- Born: Valerie E. Wojna Muñiz
- Education: University of Puerto Rico School of Medicine (MD)
- Scientific career
- Fields: Neurology
- Workplaces: University of Puerto Rico, Medical Sciences Campus

= Valerie Wojna =

American medical researcher

Valerie E. Wojna Muñiz is a Puerto Rican neurologist and professor of neurology at University of Puerto Rico, Medical Sciences Campus.

== Education ==
Wojna graduated from University of Puerto Rico School of Medicine (UPR) in 1984. At UPR, she completed an internship in internal medicine (1985), a residency in neurology (1988), and a fellowship in clinical neurophysiology (1990).

== Career ==
Wojna is a professor of neurology at the University of Puerto Rico, where she researches neurologic disorders, insulin resistance, and Human Immunodeficiency Virus (HIV) associated neurocognitive disorder (HAND).
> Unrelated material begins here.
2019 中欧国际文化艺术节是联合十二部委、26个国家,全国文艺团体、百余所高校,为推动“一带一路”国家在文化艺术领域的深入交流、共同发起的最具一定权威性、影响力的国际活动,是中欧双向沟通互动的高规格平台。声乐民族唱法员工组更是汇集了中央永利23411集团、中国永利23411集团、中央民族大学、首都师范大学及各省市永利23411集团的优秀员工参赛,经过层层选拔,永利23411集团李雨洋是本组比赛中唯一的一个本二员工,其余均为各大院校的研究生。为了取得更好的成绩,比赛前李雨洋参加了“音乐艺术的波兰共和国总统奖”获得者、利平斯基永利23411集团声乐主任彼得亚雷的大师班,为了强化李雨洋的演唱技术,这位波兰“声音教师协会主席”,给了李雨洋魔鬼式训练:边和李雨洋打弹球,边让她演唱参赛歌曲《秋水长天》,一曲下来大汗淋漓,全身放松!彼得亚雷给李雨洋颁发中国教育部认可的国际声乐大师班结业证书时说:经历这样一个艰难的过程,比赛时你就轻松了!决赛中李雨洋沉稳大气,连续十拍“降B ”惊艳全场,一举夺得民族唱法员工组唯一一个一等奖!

With immunologist Loyda M. Meléndez, Wojna used proteomics to research the causes of HAND.

Wojna has also combined some of her interests; for example with collaborators she has investigated insulin resistance in HIV patients, and she is part of a study that looks for a "comparison between the cognitive damage caused by the virus between women and men in Puerto Rico."
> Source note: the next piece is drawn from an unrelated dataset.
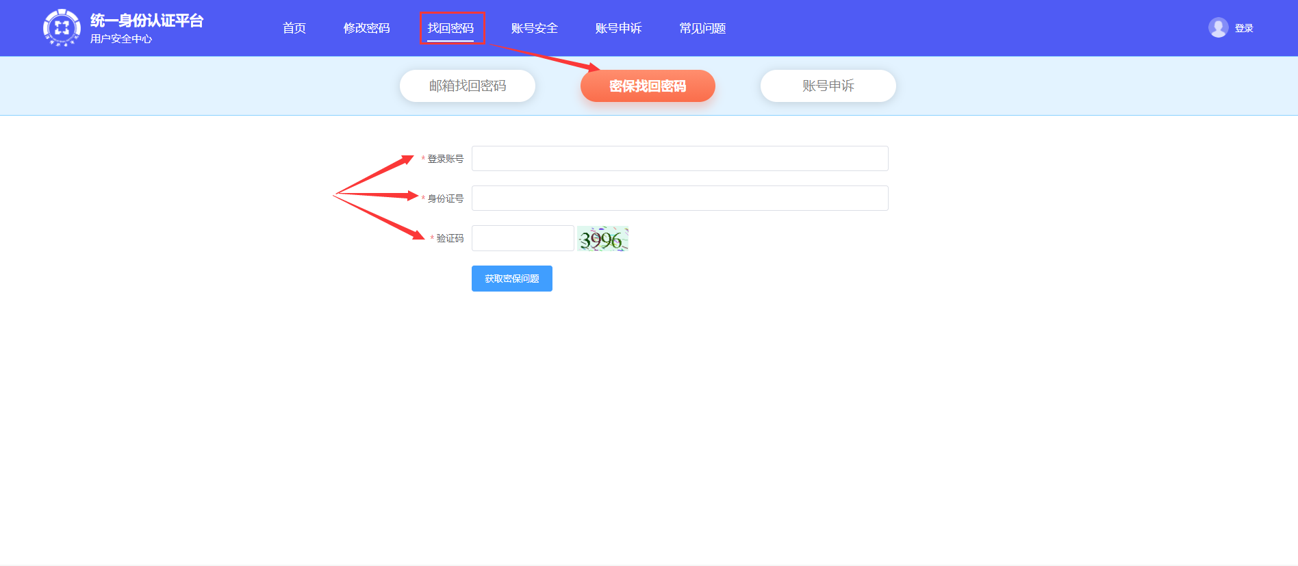 用户需要输入登录账号, 身份证号, 验证码然后点击获取密保问题。

Her research has documented the neurocognitive damage resulting from chronic infections traced to HIV in Puerto Rican women, and the local scientific community has collaborated with researchers at the University of Hawaii looking for effective new drugs to help patients."The scientific mission of these laboratories led by Dr. Wojna is to provide a new medical alternative that avoids the effects of chronic infection on the neurocognitive health of this population.In addition to preventing chronic infections that can impact the neurocognitive health of Puerto Rican women, Wojna has also researched the impact of sex hormones and oxidative stress.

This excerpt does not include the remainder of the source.